É justamente esse bocado que faz com que uma parte considerável da classe dominante brasileira rejeite o cinema nacional, até o ponto de, vencida pelo talento e pela resistência, cooptá-lo e convertê-lo em grande negócio, como demonstram as filmografias de Fernando Meirelles e, sobretudo, de Walter Salles. As escolas de samba do Rio de Janeiro são o equivalente dessa cooptação no campo da música. A classe dominante lesa-pátria não gosta do Brasil do samba porque é herdeira dos colonizadores; e, quando chega a gostar, é porque foi vencida pelo talento e pela resiliência dos artistas que inveja. Como poderia gostar de um cinema que se propõe a ser samba? Apenas quando esse cinema põe o “Tio Sam pra conhecer a nossa batucada”, como propõe o genial — e também baiano — Assis Valente, em seu clássico “Brasil pandeiro”.
O filme de Kleber Mendonça Filho tem valor independentemente de ter sido laureado com prêmios internacionais — que isso fique claro! O bocado de tristeza que carrega já estava em “Xica da Silva” e “Bye Bye Brasil”, de Cacá Diegues; em “Lúcio Flávio, passageiro da agonia” e “Pixote”, de Hector Babenco; em “Pra frente, Brasil”, de Roberto Farias, e “O bom burguês”, de Oswaldo Caldeira. Do mesmo modo, sua picardia, sexualidade e humor já estavam em “República dos assassinos”, “Leila Diniz” e “For All”, de Luiz Carlos Lacerda, bem como em “Carlota Joaquina”, de Carla Camurati.

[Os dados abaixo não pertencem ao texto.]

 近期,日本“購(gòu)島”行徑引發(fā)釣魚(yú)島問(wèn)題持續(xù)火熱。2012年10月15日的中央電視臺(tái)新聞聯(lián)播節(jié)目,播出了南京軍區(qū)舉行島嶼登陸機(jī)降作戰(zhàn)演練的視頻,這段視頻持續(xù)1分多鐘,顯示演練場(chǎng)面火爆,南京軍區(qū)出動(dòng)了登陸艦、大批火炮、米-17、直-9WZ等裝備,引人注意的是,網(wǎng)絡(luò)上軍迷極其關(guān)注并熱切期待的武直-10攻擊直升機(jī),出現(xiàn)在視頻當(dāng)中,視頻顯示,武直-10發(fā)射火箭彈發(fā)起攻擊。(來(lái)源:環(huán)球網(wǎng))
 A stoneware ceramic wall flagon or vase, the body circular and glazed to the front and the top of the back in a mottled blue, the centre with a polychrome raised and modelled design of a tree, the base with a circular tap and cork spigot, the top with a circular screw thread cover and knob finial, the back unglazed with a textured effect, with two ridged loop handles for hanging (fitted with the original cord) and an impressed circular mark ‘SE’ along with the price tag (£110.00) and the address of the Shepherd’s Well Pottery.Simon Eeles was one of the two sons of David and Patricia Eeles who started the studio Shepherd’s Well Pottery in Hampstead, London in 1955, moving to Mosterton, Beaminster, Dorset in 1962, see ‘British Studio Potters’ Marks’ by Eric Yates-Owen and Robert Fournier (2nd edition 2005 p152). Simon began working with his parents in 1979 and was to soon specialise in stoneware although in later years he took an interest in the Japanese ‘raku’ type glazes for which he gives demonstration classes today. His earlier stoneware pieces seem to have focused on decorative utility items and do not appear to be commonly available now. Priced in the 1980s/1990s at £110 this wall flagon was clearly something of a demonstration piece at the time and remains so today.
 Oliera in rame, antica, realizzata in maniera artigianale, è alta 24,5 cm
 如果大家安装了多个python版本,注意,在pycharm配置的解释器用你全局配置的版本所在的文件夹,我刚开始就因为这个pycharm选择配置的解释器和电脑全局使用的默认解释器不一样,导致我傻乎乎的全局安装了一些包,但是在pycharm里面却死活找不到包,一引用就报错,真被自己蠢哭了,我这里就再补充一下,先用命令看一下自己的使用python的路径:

O ser-tão de Kleber Mendonça Filho já estava em “Deus e o diabo na terra do sol” e “O dragão da maldade contra o santo guerreiro”, de Glauber Rocha, e em “Vidas secas”, do mestre Nelson Pereira dos Santos. O cinema brasileiro sobreviveu e esteve vivíssimo no campeão de bilheteria “Dona Flor e seus dois maridos”, de Bruno Barreto, inspirado no romance do baiano Jorge Amado e com tema escrito pelo compositor, sambista e escritor carioca Chico Buarque de Hollanda, herdeiro artístico de Noel Rosa.
Um filme é sempre “para todos”. O cinema nacional resistiu às chanchadas da Atlântida, com Grande Otelo e Oscarito; às pornochanchadas de Neville de Almeida, inspiradas na obra de Nelson Rodrigues; ao experimentalismo de Arnaldo Jabor; à censura explícita ou velada; à retomada; e aos anos fascistas e pandêmicos da gestão Bolsonaro, o inimigo mais feroz já enfrentado pelo cinema brasileiro.
“O agente secreto” pertence a essa arqueologia do saber e a essa genealogia do poder. Ele é o cinema novo que grita: “quero ser velho, de novo eterno, quero ser novo de novo”. Viva o samba, viva o morro, viva o Nordeste, viva o cinema de Kleber Mendonça Filho, viva o cinema novo!
Jean Wyllys é jornalista, escritor e artista visual. Autor, entre outros livros, de O anonimato dos afetos escondidos (Tusquest, 2025), Falsolatria (Editora Nós e Edições Sesc SP) e O que não se pode dizer (Civilização Brasileira, 2022).